When Curtis Lovelace’s wife expired was a center of debate on Thursday as a pathologist hired by the prosecution painted a picture of murder.

Dr. Werner Spitz is a high-caliber hired gun, having helped investigate the assassinations of John F. Kennedy and Martin Luther King, Jr. – in the Kennedy case, he told the House Select Committee on Assassinations that the initial autopsy was riddled with mistakes. Spitz also worked with the same committee in probing the King assassination. Spitz testified for the defense at the trial of Casey Anthony, who was acquitted in 2011 of killing her daughter Caylee.
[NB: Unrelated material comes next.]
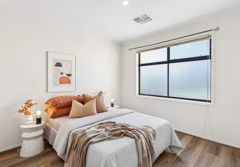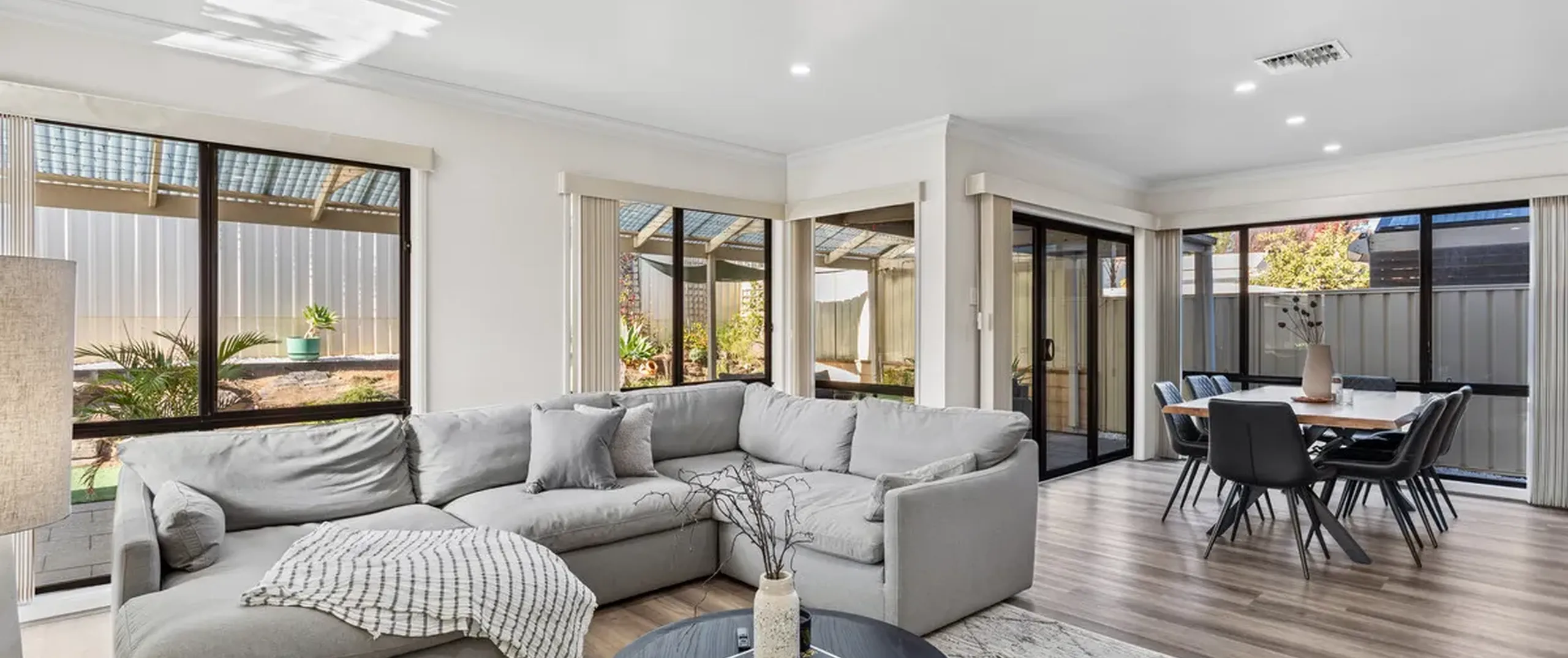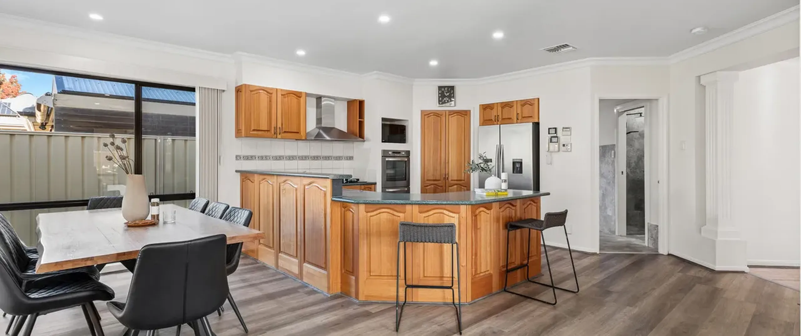 - Open-plan family and meals space with on-trend neutral timber-look flooring and sliding door access to the rear yard

Spitz was less persuasive in the 2007 trial of Phil Spector, when he also testified for the defense. Spitz has also rendered opinions in the deaths of Mary Jo Kopechne and JonBenet Ramsey as well as Ron Goldman and Nicole Simpson.
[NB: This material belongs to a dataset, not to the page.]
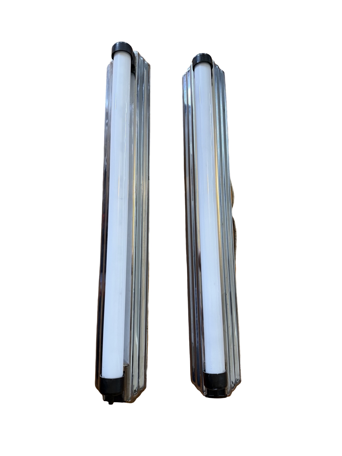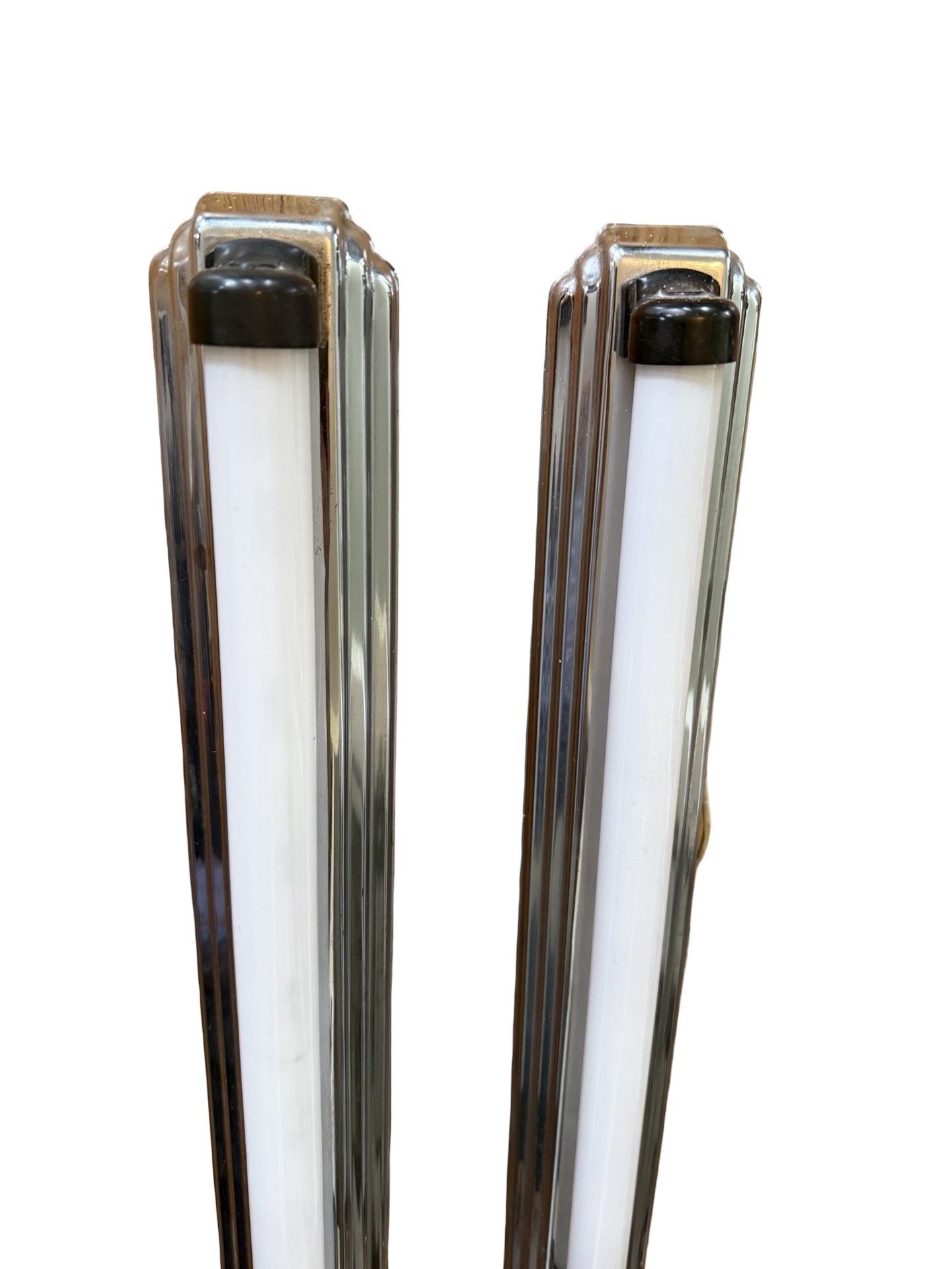 VL1332 Pair Vintage c1940 Lumiline Sconces Retro Machine Age Chrome All Original

At 90, Spitz is old-school personified, and he often reminded the jury in the Lovelace case that he’s been a forensic pathologist for 64 years. He testified that Cory Lovelace, the defendant’s wife who was found dead in bed on Valentine’s Day in 2006, had been suffocated. Jessica Bowman, the pathologist who conducted the autopsy, couldn’t pin down a cause of death, and so Curtis Lovelace, a former Adams County prosecutor and University of Illinois football star, remained free until 2014, when he was arrested and charged with murder. A trial last year ended in a hung jury. The proceedings have been moved to Sangamon County due to pre-trial publicity.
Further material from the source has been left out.